Football Association considers lifetime bans for referee assaults in bid to maintain high recruitment numbers

Players face the potential of a lifetime ban if they assault match officials from next season, under tougher new proposals from the Football Association.

English football’s governing body is in talks over removing the maximum punishment of 10 years, which needs the approval of the FA board.

Last season, there were 77 reported incidents of assault towards match officials, 15 of which were found not proven, and authorities are pushing for a stronger deterrent to reduce the threat of physical abuse.

New data disclosed by the FA has revealed that nearly 80 per cent of match officials remain in their roles after each season, with more than 5,000 new recruits each year. 90 per cent of new referees recruited are under the age of 21.

“Refereeing is becoming ever more popular,” Andy Ambler, FA Director of Professional Game Relations, told Sky Sports News, on a media conference call.


“We’ve increased our numbers over three years. I think people are more interested in refereeing than they were before. One of the issues football could face, not just refereeing, is after a period of Coronavirus, are as many people going to be interested in the game?
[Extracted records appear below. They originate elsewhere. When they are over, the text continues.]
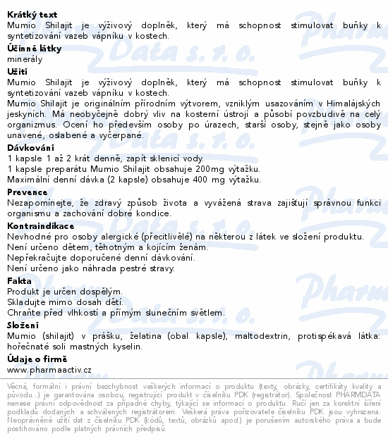 Mumio Shilajit je výživový doplněk, který má schopnost stimulovat buňky k syntetizování vazeb vápníku v kostech.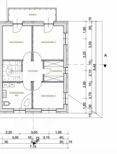15 cm homlokzati szigetelés, 30 cm-es mennyezet szigetelés.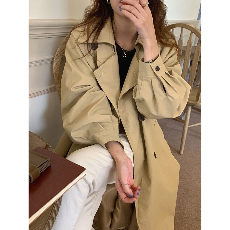 韓国ファッション秋物スタイルジャケット ベルト ウェスト薄手レディース ロング オータム ハーネス 長袖 ウエスト ミドル丈 muzly36186954405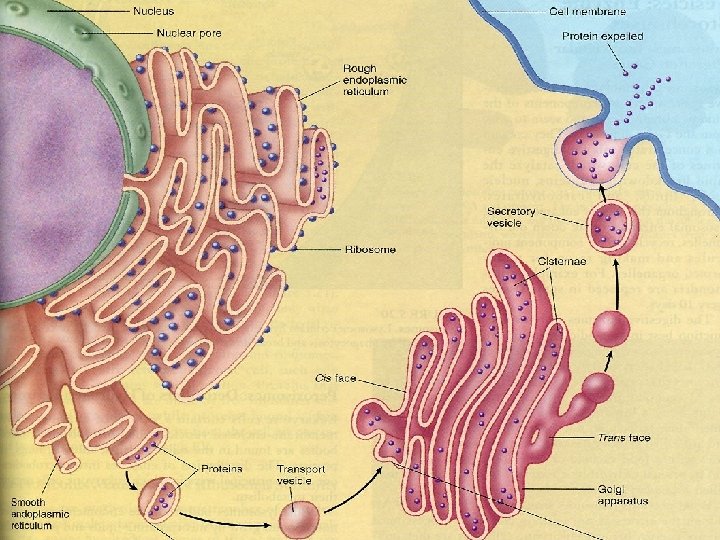 Functions • Provides a large surface area on which chemical reactions can take place. • It synthesizes lipids, phospholipids and steroid. • It also carries out the metabolism of carbohydrates, drug detoxification. • Attachment of receptors on cell membrane proteins. • RER involved in protein synthesis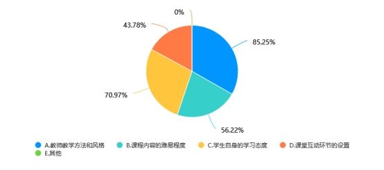 调查结果显示,85.25%的学生认为“课程内容的难易程度”是主要因素,70.97%的学生提及“教师教学方法和风格”,56.22%的学生认为“学生自身的学习态度”有影响,43.78% 的学生关注“课堂互动环节的设置”,选择“其他”因素的学生占比为0%。可见课程内容难度、教师教学方式、学生学习态度及课堂互动设计均对课堂氛围存在显著影响,其中课程内容难易程度的影响最为突出。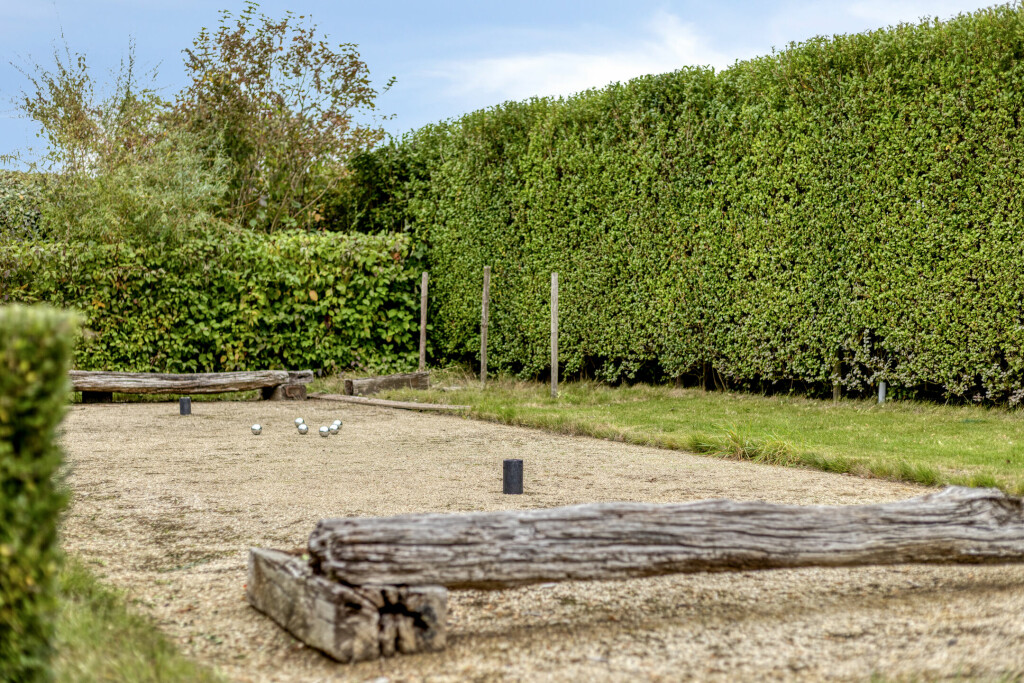 Verder beschikt het perceel over een vrijstaande garage met elektra en stalen dak, en is er een petanque baan aangelegd, wat de tuin een extra recreatief karakter geeft.
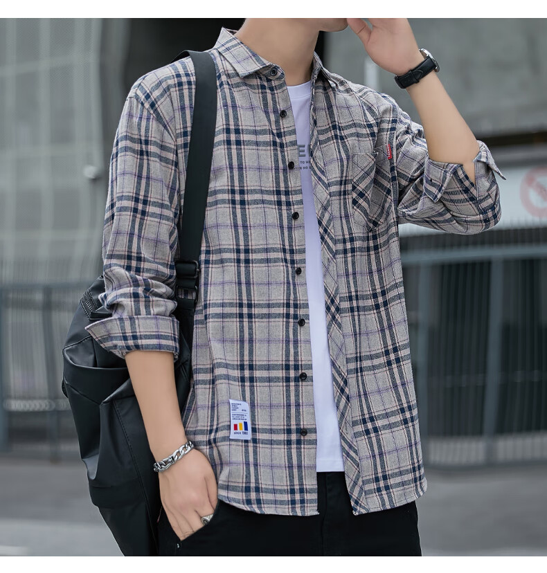 婉曼朵格子休闲衬衫男士春秋季长袖衬衣韩式上衣服复古宽松夏季薄款外套 12109绿色( 加绒 M 90-110斤

“But I think we’re getting more and more people wanting to get as high up the [football] pyramid as possible. Is the Premier League going to have to recruit referees from elsewhere around the world? I don’t think so.”
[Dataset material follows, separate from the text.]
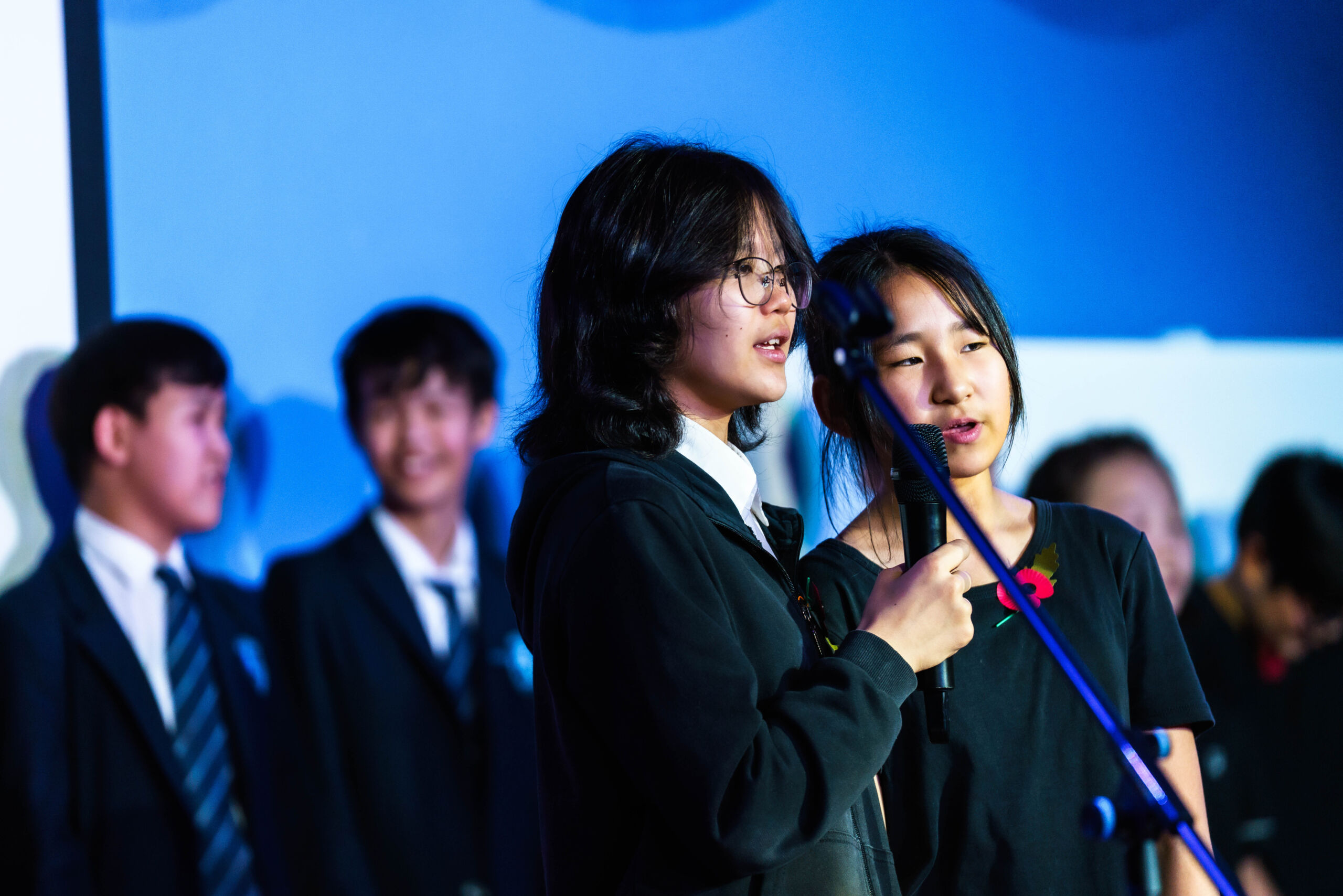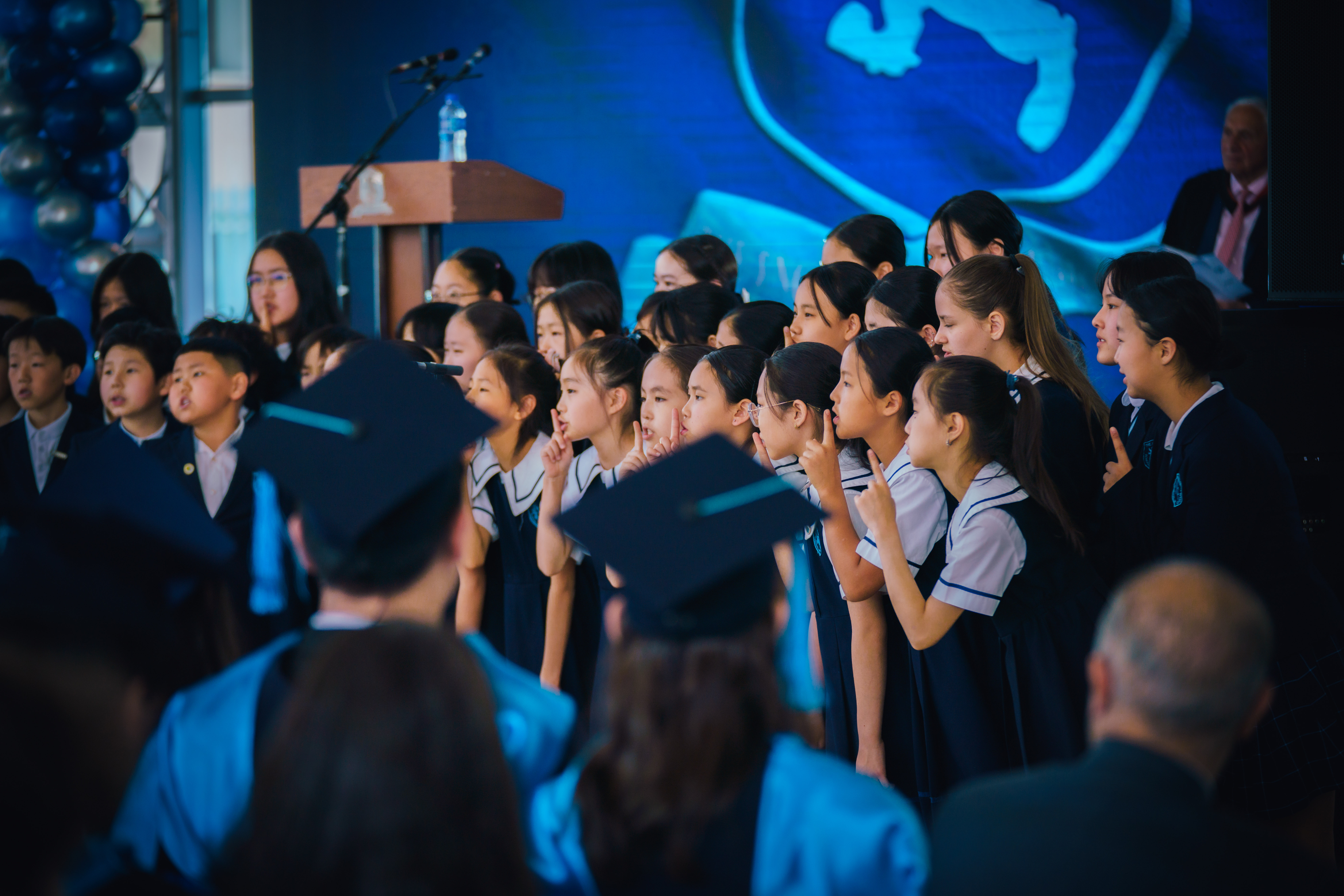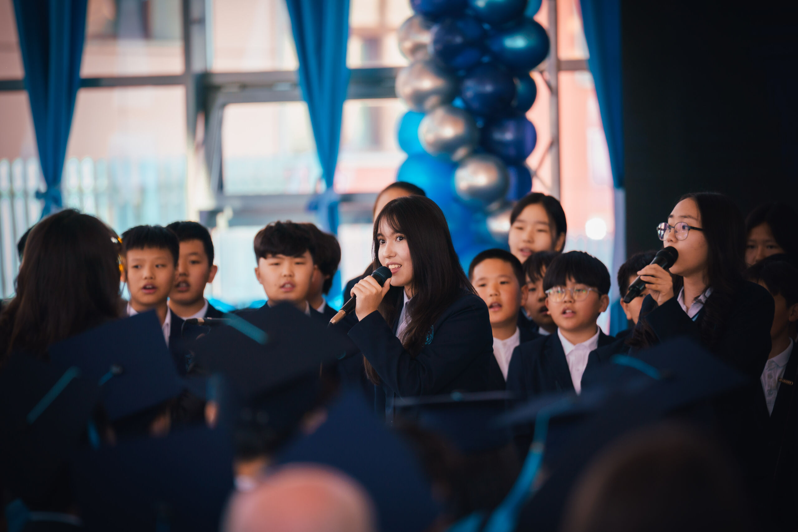 All students perform collectively, showcasing a variety of vocal skills and coordinated stage presentation.

Mike Dean will return to refereeing in the Premier League on Saturday having stood down last weekend after receiving death threats on social media.
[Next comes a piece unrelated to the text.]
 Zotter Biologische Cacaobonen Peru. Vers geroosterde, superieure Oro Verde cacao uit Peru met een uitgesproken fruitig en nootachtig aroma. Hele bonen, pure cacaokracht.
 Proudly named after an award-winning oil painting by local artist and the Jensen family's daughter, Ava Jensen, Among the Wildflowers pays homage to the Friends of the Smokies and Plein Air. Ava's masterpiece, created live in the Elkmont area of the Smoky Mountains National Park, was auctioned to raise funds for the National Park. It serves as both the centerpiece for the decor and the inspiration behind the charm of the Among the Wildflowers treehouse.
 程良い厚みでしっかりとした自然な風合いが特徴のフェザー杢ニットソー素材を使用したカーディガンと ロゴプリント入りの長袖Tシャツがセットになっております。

Dean is employed by the Professional Game Match Officials Limited [PGMOL] but has received ongoing support from the FA.

“I offered him our entire support, and he appreciated it,” said Peter Elsworth, FA senior referee manager. “I had good chat with him on the phone and he was very happy with the support that has been offered to him and his family. There was an open invite there. If there was anything more he needs, he just needs to let us know, and we would obviously support him in whatever he needs.”

Tackling social media abuse

Over the next year, the FA is enhancing its online support network to 30,000 active referees in the game, following a rise in abuse on social media in particular.

“It’s part of our modern life,” said Farai Hallam, FA national referee manager. “A lot of our new referees, I’d say the majority, will be active on some form of social media. We see it on any matchday, it requires a support network around you. As a referee, that’s invaluable.”

“Social media abuse is an issue in society,” said Ambler. “We’ve got to make sure, from a refereeing standpoint, that, if we are lobbying government, to help players, coaches and managers, then referees are included there, front and centre.

“They are right up there for abuse, as we saw with Mike [Riley] and others. It’s bigger than just refereeing. It’s down to us to make sure we’ve got support mechanisms in place.”

Body cams for officials?

The FA supports the use of more cameras to capture incidents of abuse towards officials in the grassroots game, but they are not expected to ask football lawmakers to allow the use of body cameras.

“I’m a little bit concerned that if you put a camera on somebody, they become a target,” said Ambler. “Why would you do that? I think there are better ways of doing it. I think cameras can work and, if you look at grassroots football, there are now security staff on the sidelines sometimes to control coaches and parents.

“I don’t see why cameras can’t be positioned like CCTV, for example, and go straight into the cloud so the behaviour is caught. That’s one way we might have the evidence to prosecute more.

“I do believe we need to find a way of collating more evidence to stop these incidents and make sure we do protect all participants.”